Four-Layer Security¶
1. Transport Layer — TLS 1.3 with mutual authentication¶
All traffic between clients, the relay, and servers is encrypted with TLS 1.3 on port 443. Caddy handles TLS termination on the relay with automatic certificate provisioning via Let's Encrypt (ACME). To any firewall, proxy, or DPI system, Tunnel Whisperer traffic is indistinguishable from standard HTTPS.

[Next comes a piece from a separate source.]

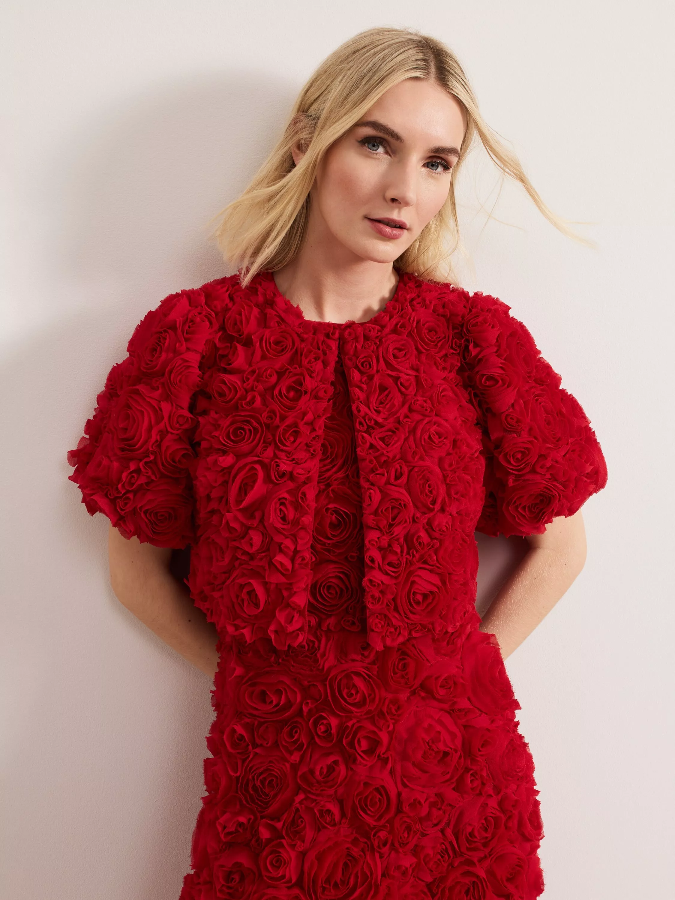 Beautifully romantic, the Angeline jacket is a sophisticated occasion style. All over rose detailing adds texture to the cropped silhouette whilst puff sleeves add subtle volume.

The handshake is mutual: the relay is configured with client_auth require_and_verify, so every connection must also present an X.509 client certificate signed by the server's own certificate authority. Connections without a trusted certificate are rejected at the handshake — this is the relay's primary admission control. See Relay Authentication.
2. Protocol Layer — Xray VLESS + XHTTP¶
Inside the TLS envelope, the VLESS protocol tags each user with a UUID and splits data across standard HTTP requests via the XHTTP transport. The XHTTP transport makes traffic patterns resilient against restrictive network environments. The relay forwards encrypted streams without reading application data. Since admission is now decided by the certificate gate above, the UUID functions as defense-in-depth rather than the security boundary.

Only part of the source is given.